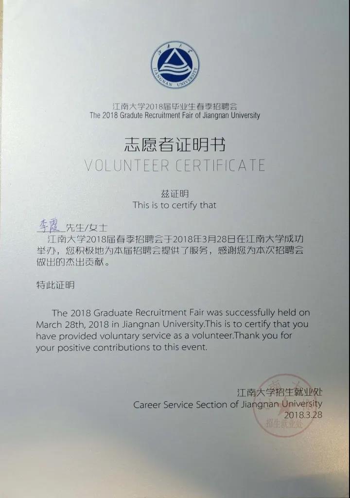 喜欢参加课外的实践活动,曾在校运会、江南大学春季大型招聘会、无锡马拉松等活动中担任志愿者,为学校师生服务,为他人争取“岁月静好”;也会积极响应号召,参加学校或学院组织的活动,如汉文化知识竞赛、笔录芳华、至善group、方宇杯等,去不同的领域遇见不一样的自己。利用空闲时间参与勤工助学,刚开始的时候做事不够细致,导致事半功倍,然“天下大事,必作于细”,这段经历让我对自己有了更清醒地认知,一个人的成长也离不开精雕细琢。
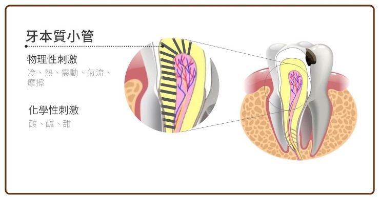 牙冠、牙根都有的牙本質。牙本質裡面有無數個微小的管狀結構(牙本質小管)。當我們牙齒喪失其牙釉質或牙骨質的最外層保護層時,這些小管就成為了一條條的管道。
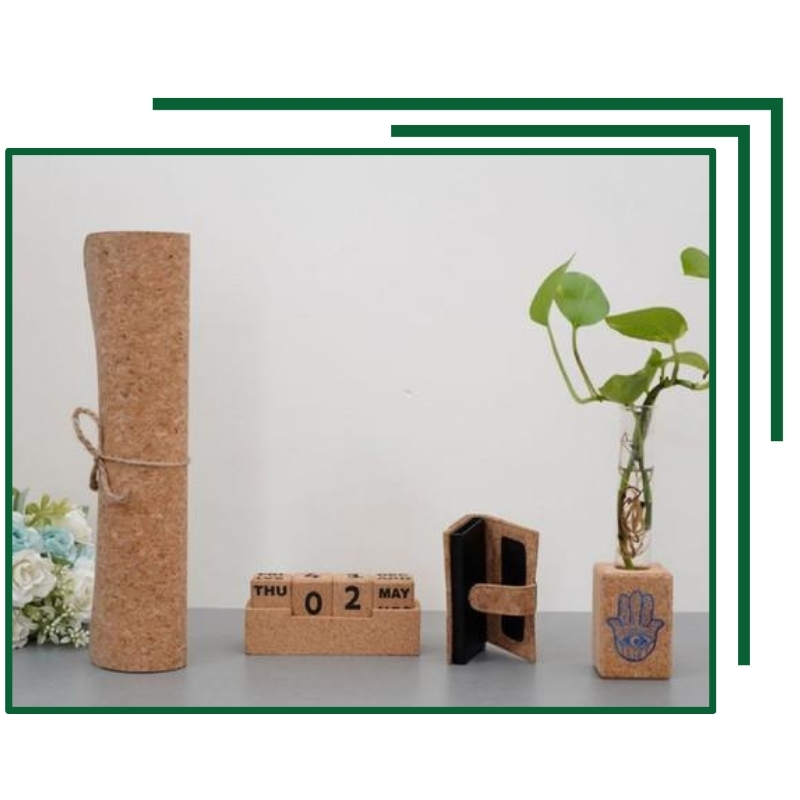 Perfect for fresh workspaces, this kit provides a cork mat, reusable cork calendar blocks, cork visiting card holder, and a vase with plant. Combining practicality and sustainability, it helps organize office essentials while promoting an eco-friendly mindset.
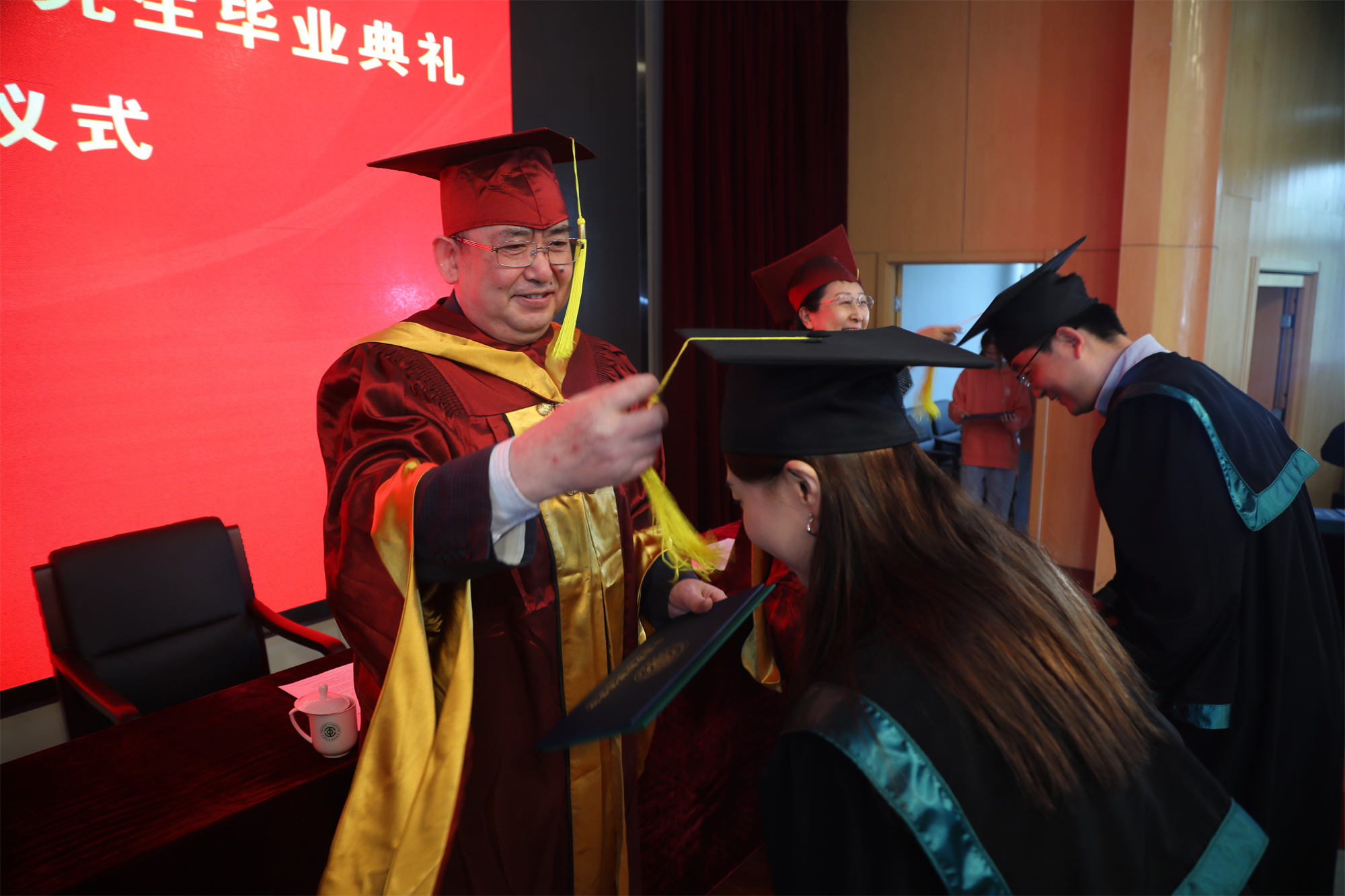 典礼上,学校领导为毕业生颁发学位证和毕业证,行拨穗礼。
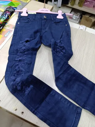 Jeans bimba di colore blu, taglia 10 anni, con un design strappato alla moda. - Vita media. - Chiusura con bottone e zip. - Tasche anteriori e posteriori. - Dettagli strappati sulle gambe.
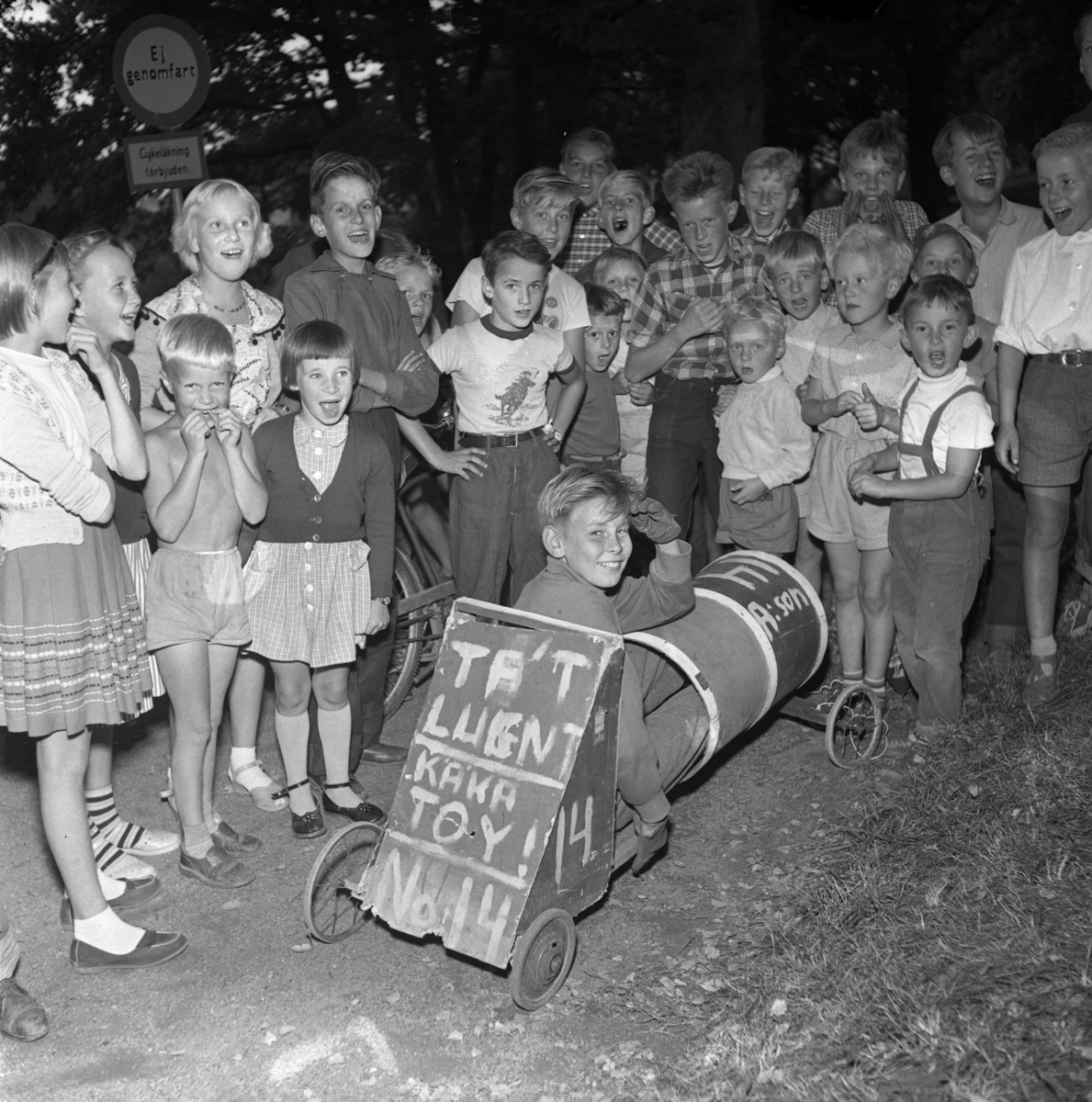 Lådbilsrally i Huskvarna stadspark den 10 oktober 1955. Barnen åkte från "Kransaträdgården" den smala vägen ned genom stadsparken. Här är målgången vid södra änden av Bergsgatan. Bil nr 14 med föraren Gunnar Forsberg har till och med reklam för tuggummit Toy på bilen.
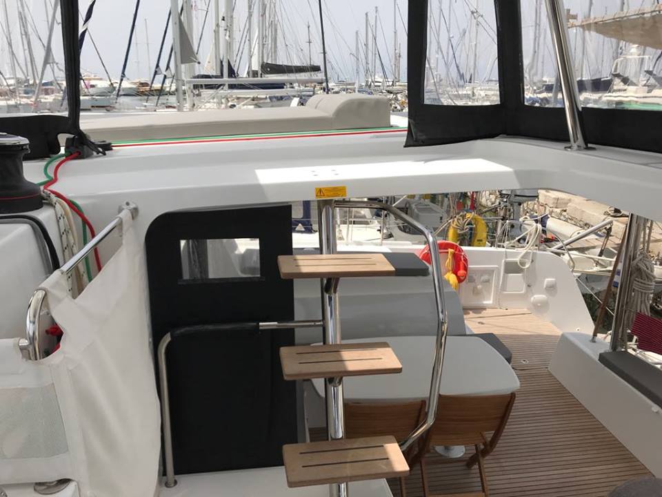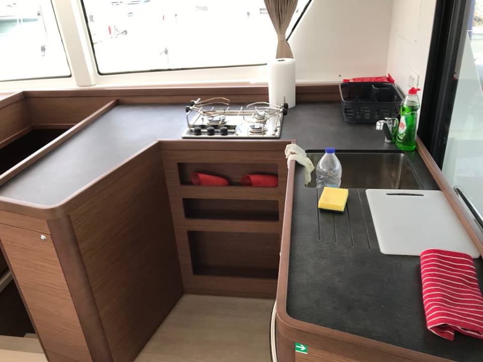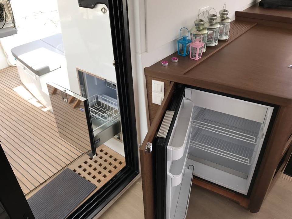 | Inside | Gasherd, Generator, Inverter 12V/220V, Klimaanlage (ohne Landstrombedarf), Kühlschrank, Ladegerät, Pantryausstattung, Radio mit CD, USB, Bluetooth, Watermaker, WC (elektr.) |
#####
#### TASK DESCRIPTION
Only an exact copy is needed: the lines from the opening of the listing through the line with "牙冠、牙根都有的牙本質。牙本", both included, minus the pictures.

#### RESULT OF THIS TASK
 喜欢参加课外的实践活动,曾在校运会、江南大学春季大型招聘会、无锡马拉松等活动中担任志愿者,为学校师生服务,为他人争取“岁月静好”;也会积极响应号召,参加学校或学院组织的活动,如汉文化知识竞赛、笔录芳华、至善group、方宇杯等,去不同的领域遇见不一样的自己。利用空闲时间参与勤工助学,刚开始的时候做事不够细致,导致事半功倍,然“天下大事,必作于细”,这段经历让我对自己有了更清醒地认知,一个人的成长也离不开精雕细琢。
 牙冠、牙根都有的牙本質。牙本質裡面有無數個微小的管狀結構(牙本質小管)。當我們牙齒喪失其牙釉質或牙骨質的最外層保護層時,這些小管就成為了一條條的管道。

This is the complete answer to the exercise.